More than 100 doctors and nurses traveled to Glasgow earlier this month with a message for world leaders: Global warming is a leading threat to public health. And curbing planet-warming emissions is a prescription.
That message resonated at COP26 more than it has at previous United Nations climate summits, according to experts who have been attending the talks for years.
“I have been coming to these for the last 12 years, and I have seen how certain topics have gained more relevance. And certainly public health is one of them,” Ramon Cruz, president of the Sierra Club's board of directors, told The Climate 202.

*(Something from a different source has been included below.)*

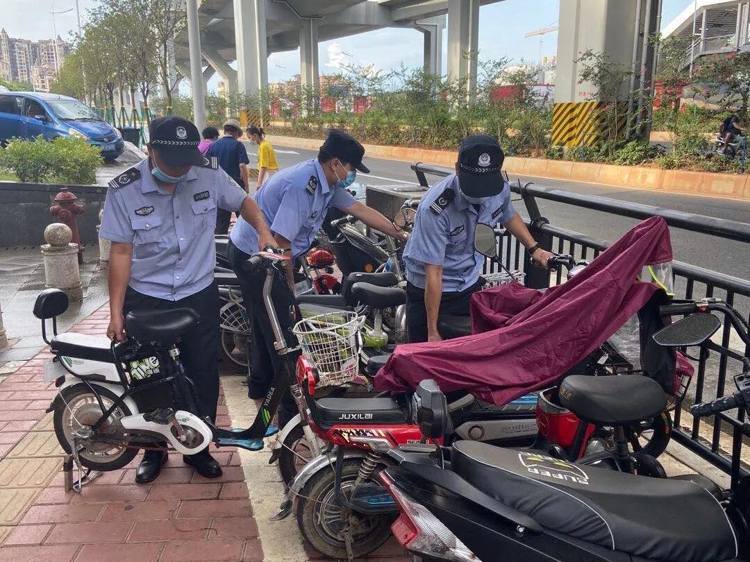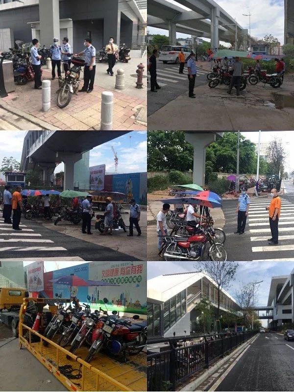▲民警在地铁口查处车辆违规停放、摩托车违规载客等行为。

Jeni Miller, executive director of the Global Climate and Health Alliance, who has gone to five U.N. climate summits, agreed with that assessment. She noted that the World Health Organization sponsored a health pavilion at COP26 for the first time in the organization’s history.
“The WHO pavilion sounds like maybe a small thing,” Miller told The Climate 202. “But it made health — in a very literal sense of the term — visible at the COP. It created a physical place that people could walk by and countries’ delegations could see.”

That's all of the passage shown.